The Hazards Of Scientific Research

A plane has gone down with three on board in Antarctica.

How could they have let them fly in that kind of weather? NASA would never have taken such a risk, because space research is much less important than Antarctic research.

[Update a few minutes later]

So, if they don’t survive, will Antarctic researchers shut down all operations until they’ve had a national commission investigate it, perhaps for years?

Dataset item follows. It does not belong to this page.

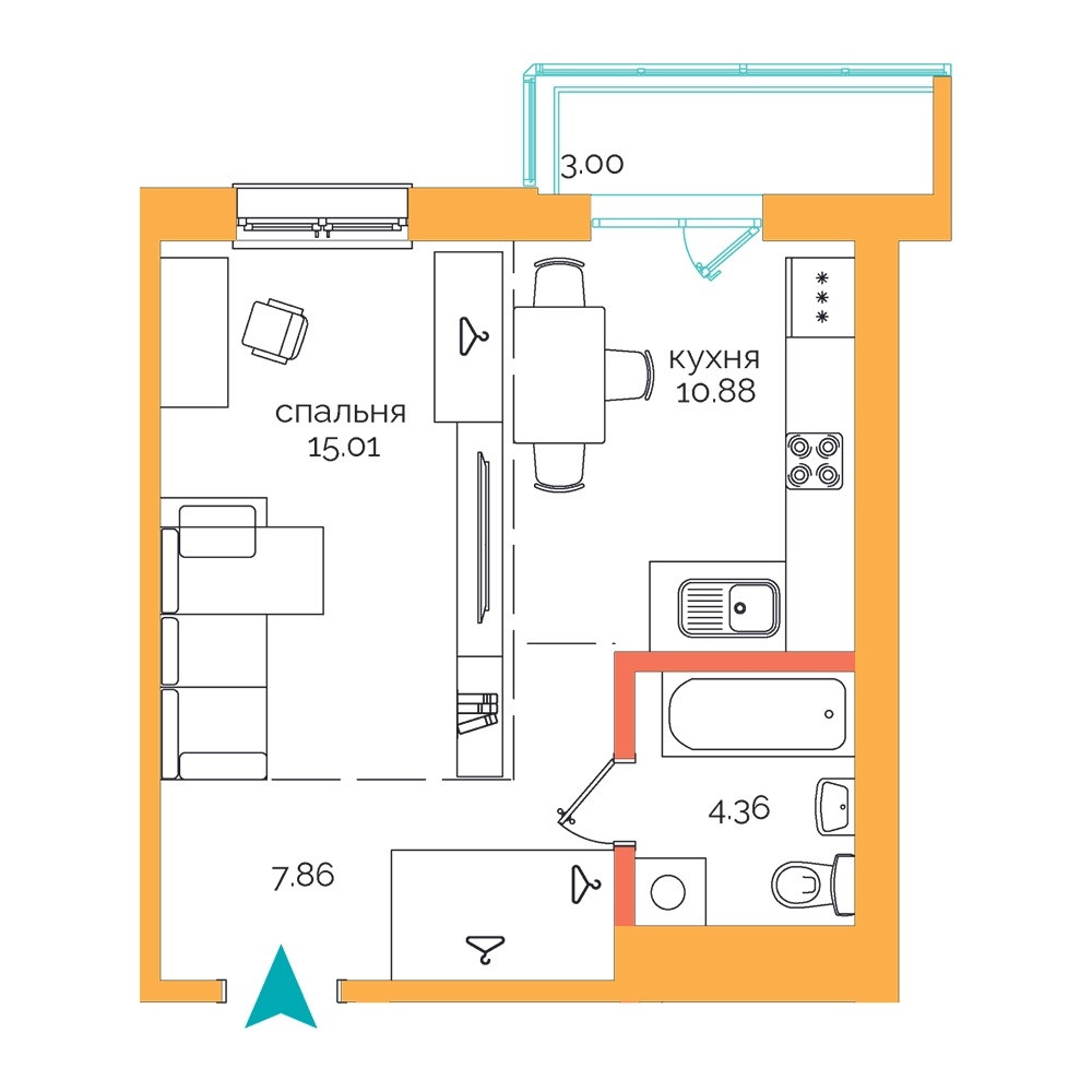 Общая площадь 41.11 м2

That’s what NASA/Congress would do.

In my book, I go through the litany of the number of problems they’ve had at Scott-Amundsen Station, and conclude:

…despite all of these problems, one of them fatal (and Nielsen might have lived longer had she gotten better treatment sooner) there has never been a call by anyone to spend billions of dollars on a unique specialized emergency vehicle to provide 24/7/365 access to and from the Antarctic station, though given sufficient resources some clever engineers could probably come up with such a thing. And unlike NASA, the National Science Foundation has (sensibly) never gotten those kinds of resources. Because we recognize that sometimes research is worth taking risks for, and that the lives of the researchers do not have infinite value, or even billions of dollars worth of value. Except, inexplicably, when it comes to space research.

I may add this incident to the book.